Wings of the Overlord – hardback

Knox Robinson publishing here

Amazon COM here

Amazon UK here

Monday, 21 September 2015

Writing - beginnings change

Recently I was tagged by a FaceBook friend to produce 7 lines from page 7 of my Work In Progress, To Be King.  I managed that, but it set me to thinking, as you do.

The original beginning of the WIP is actually now Chapter 2! The point of this post is to highlight that while writing a novel you do not have to feel that you must stick with the beginning you created. There may not be anything wrong with it, but it is always possible a better alternative may present itself as the story evolves. And of course it’s all subjective anyway. Be flexible.

Here is a snippet from the original beginning.
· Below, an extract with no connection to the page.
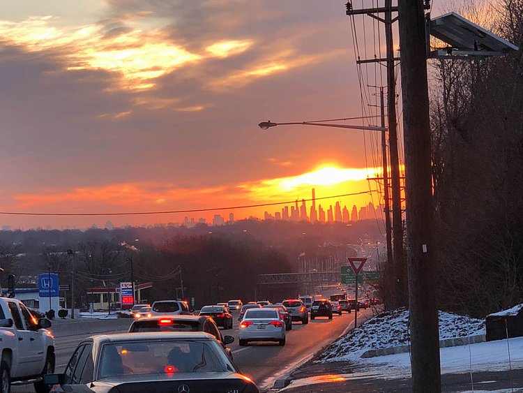 Though maybe not the best framing, this epic photograph shows the New York City skyline lit ablaze in front of a orange and red rising sun seen from New Jersey. One redditor summed it up pretty nicely:

As you will observe, it is fantasy, set in mythical Floreskand, being the second chronicle after Wings of the Overlord:

CHAPTER 2: Contenders

“To see what is right and not to do it is to want of courage.”
Dialogues of Meshanel
 
Lord Tanellor draped his once-magnificent scarlet cloak on top of the overseer’s bloodied mutilated body, and then raised himself into an upright position. He glanced to the crest of the steep, striated Oxor Rift. Through a thin miasma of blue dust, the sun flared dazzlingly, casting various shades of mauve and purple for a brief instant, and then it dropped out of sight behind the jagged rock ridge. He ran the back of a hairy hand across his creased brow, tired and sickened by the senseless death that surrounded him. Death in war he could understand, and even condone, but this, this made his blood boil. Negligence killed these men. And, by his insistence that the miners worked longer shifts during the Kcarran carnival, Saurosen had murdered them as surely as if he’d struck them down himself.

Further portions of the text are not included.